Отец и Лапшин в тот мартовский вечер выпили по рюмке, в память Прокофьева, говорили при этом тихо, почти шепотом, потом словно по команде очень громко помянули Сталина.
Занятия в средней женской школе, где Светлана первый год после института преподавала английский, естественно, в тот скорбный день, как и в предыдущие четыре, отменили. Вчера и позавчера она с черной повязкой на рукаве участвовала в траурных школьных митингах, с одной стороны, ужасно напыщенных, с другой — холодно-деловитых. Ее поразило, что один из учителей, фронтовик, пришедший на митинг зачем-то в парадном кителе, со всего маху грохнулся в обморок, когда стоял в скорбном карауле около портрета генералиссимуса, где тот из-под усов добродушно и беззаботно улыбался.
Сегодня отец и мать уговаривали ее никуда не выходить из дома. Но она все же вытребовала у них право немного прогуляться. Отец в итоге махнул рукой и буркнул:
— Иди! Только в толпу не лезь. Не проявляй самостоятельности где не надо. Без тебя разберутся.
— Я и не собиралась, — обрадовалась Света. — Зачем мне в толпу?
Сероватый, однотонно-унылый, ничем не примечательный, до раздражения заурядный денек начала марта еще не обнаруживал признаков весны, но в воздухе уже поселилось что-то легкое, необъяснимое, что скоро переломит погоду и заставит природу окончательно очнуться, зашелестеть флейтами теплых ветров, погрузиться в негромкую настойчивость птичьих распевов и терпковатых свежих, всякий раз новых ароматов.
Норштейны жили с конца тридцатых годов в коммуналке в Борисоглебском переулке, в унылом на вид доме из зеленого кирпича, находившемся чуть в глубине от проезжей части, как сказали бы много позже, на второй линии. И хоть в то время, когда многие москвичи еще не выбрались из бараков и общежитий, и такую жизнь почитали за счастье, отец семейства очень страдал от этого, так как работать за инструментом в перенаселенной, шумной квартире, где бытие каждого протекает на виду у остальных, а шумные безобразные ссоры чередуются с безудержным и чаще всего переходящим в новые безобразия весельем, было невозможно. Если только соседям казалось, что Семеныч играет слишком громко, они начинали яростно колотить в стену. А казалось это им почти всегда. Тем более что никто из них не относился к поклонникам академической музыки.

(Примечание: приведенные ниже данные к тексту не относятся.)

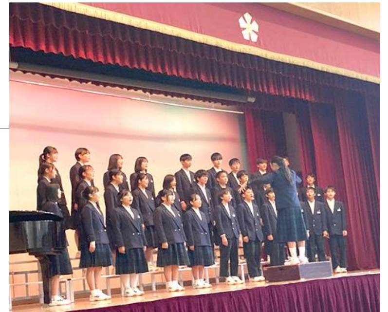
3年生合唱コンクール 金賞4組 COSMOS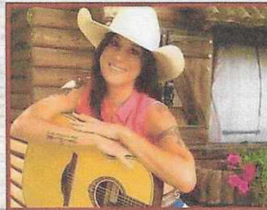
ALLY JOYCE COUNTRY BAND (I)

Когда в 1946 году на улице Воровского завершили строительство здания музыкального института, где поначалу разместили не только институт, но и школу с училищем, Лев Семенович с разрешения Елены Фабиановны Гнесиной, руководившей новым вузом, по вечерам ходил в свободные классы, где мог заниматься столько, сколько хотел. Это спасало. Здесь никто не начнет барабанить в дверь или в стену и орать: «Семеныч, кончай!»
В начале пятидесятых морок войны все же начал рассеиваться. Тьма смерти постепенно отступала перед ровным светом житейских забот.

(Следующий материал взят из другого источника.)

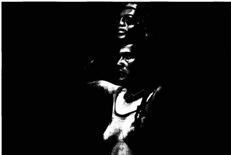
Las patronas

mientras que El maíz es una defensa de este producto básico en la alimentación y economía mexicana que se encuentra amenazado por la entrada al país de toneladas de maíz transgénico procedente del norte. Destaca la actuación de Jesusa Rodríguez. Esta combativa actriz del DF aparece en escena luciendo una malla transparente, rodeada de vasijas con tintes de colores con los que ornamenta su cuerpo, reinterpretando con gran belleza el antiguo mito del origen de los hombres de maíz. La protagonista se sirve de la farsa y del humor negro para reivindicar la diversidad cultural de la sociedad mexicana.

Лучше пошли дела и у Льва Семеновича. Его исполняли все больше, о нем писали музыковеды, руководство Союза композиторов относилось к нему благосклонно. После премьеры в Большом зале консерватории его Пятой симфонии публика почти десять минут хлопала стоя, вызывая на сцену автора.
У семьи появился некоторый достаток. Вот только проблема с жильем не решалась. Норштейны так и ютились в коммуналке в Борисоглебском, втроем в одной комнате. По статусу Льву Семеновичу давно уже пора было переехать. Но этого не происходило.
Елена Фабиановна Гнесина несколько раз уговаривала его начать преподавать в институте композицию. Домашние умоляли согласиться. Ведь работа под крылом Гнесиной, к которой, как известно, хорошо относились в Политбюро, — это верный путь в новую, отдельную квартиру. Пока там в Союзе композиторов расщедрятся! А к Гнесиной, говорят, сам Сталин прислушивался. Не говоря об остальных партийных бонзах. Но Лев Семенович отказывался, мотивируя это тем, что не чувствует в себе педагогических талантов и только из-за квартиры не будет уродоваться сам и уродовать других, занимаясь тем, чем заниматься не должен, не хочет и даже не имеет права.
Между тем на улице Огарева вроде бы планировалось построить кооперативный композиторский дом. Как будто и Норштейнам светило оказаться среди участников кооператива.
Лев Семенович не очень в это верил: в последний момент всегда что-то может поменяться, да и строительство продолжится несколько лет. Его жена тем не менее копила деньги на сберкнижке. По ее расчетам, к тому моменту, когда начнут распределять квартиры, сумма приблизится к нужной.
Света, несмотря на неудобства и тесноту, никогда не тяготилась дома. Всегда находила чем заняться или о чем поболтать с отцом или с матерью. Но в то утро 9 марта 1953 года Свете стало в их, по меткому определению ее матери, Марии Владимировны, «вороньей слободке» невмоготу. Из каждой комнаты из радиоприемников звучала трансляция с траурной церемонии и периодически кто-то всхлипывал или скулил.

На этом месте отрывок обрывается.